→ **PROBLEM REQUIREMENTS**:
From the first line to the last, copy the data exactly and drop the pictures.

→ **COLLECTED MATERIAL**:
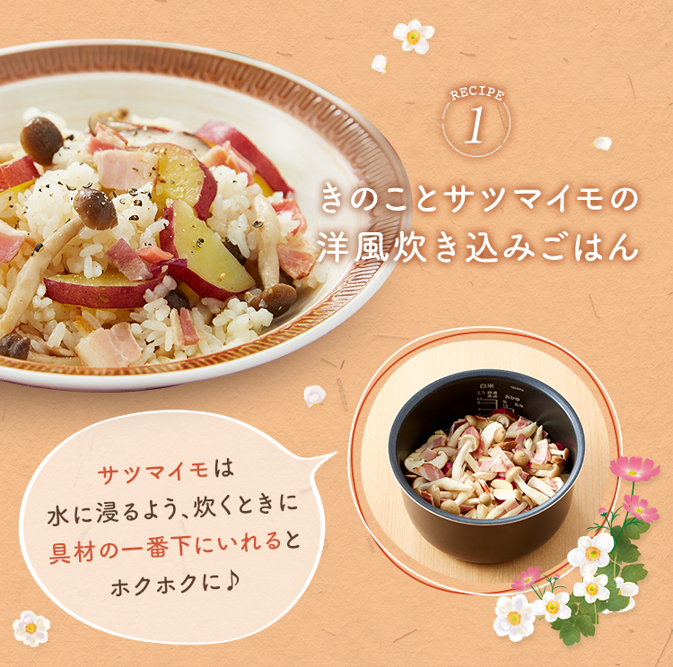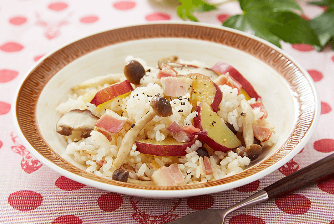 レシピ① きのことサツマイモの洋風炊き込みごはん
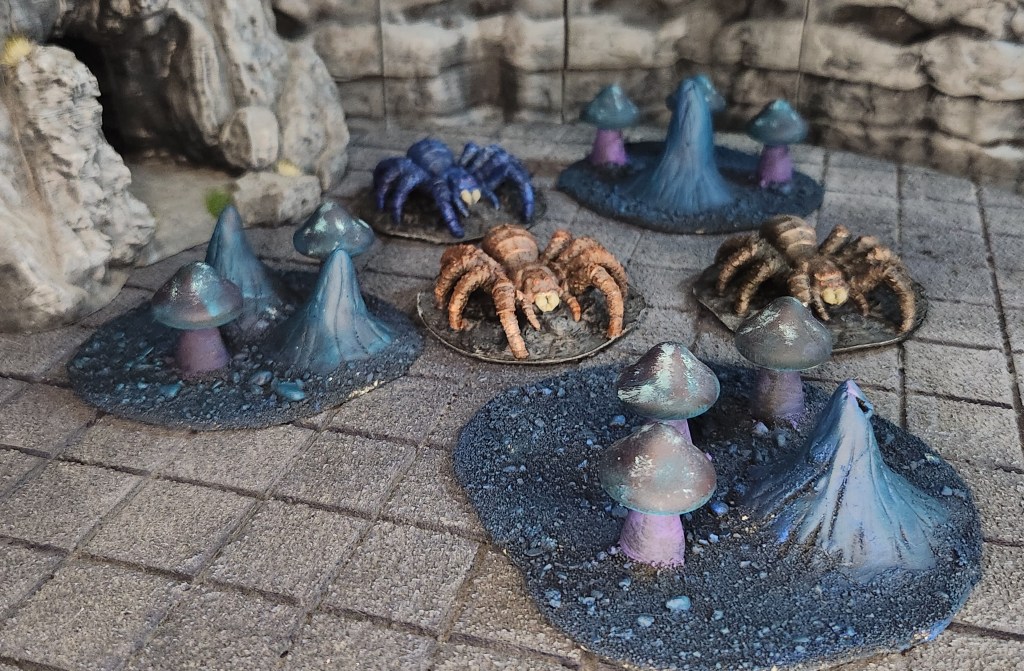 The large spiders are from Fat Dragon Games and were printed on the FDM printer. After printing, I gave each of them a light dry brush with white to bring out the details, then followed up with speed paints. I used different color schemes for each spider so they would all feel unique on the table rather than look like a cloned swarm.
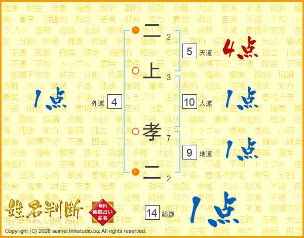二上孝二さんの総運は14画の1点!

→ **WRITTEN ANSWER**:
 レシピ① きのことサツマイモの洋風炊き込みごはん
 The large spiders are from Fat Dragon Games and were printed on the FDM printer. After printing, I gave each of them a light dry brush with white to bring out the details, then followed up with speed paints. I used different color schemes for each spider so they would all feel unique on the table rather than look like a cloned swarm.
二上孝二さんの総運は14画の1点!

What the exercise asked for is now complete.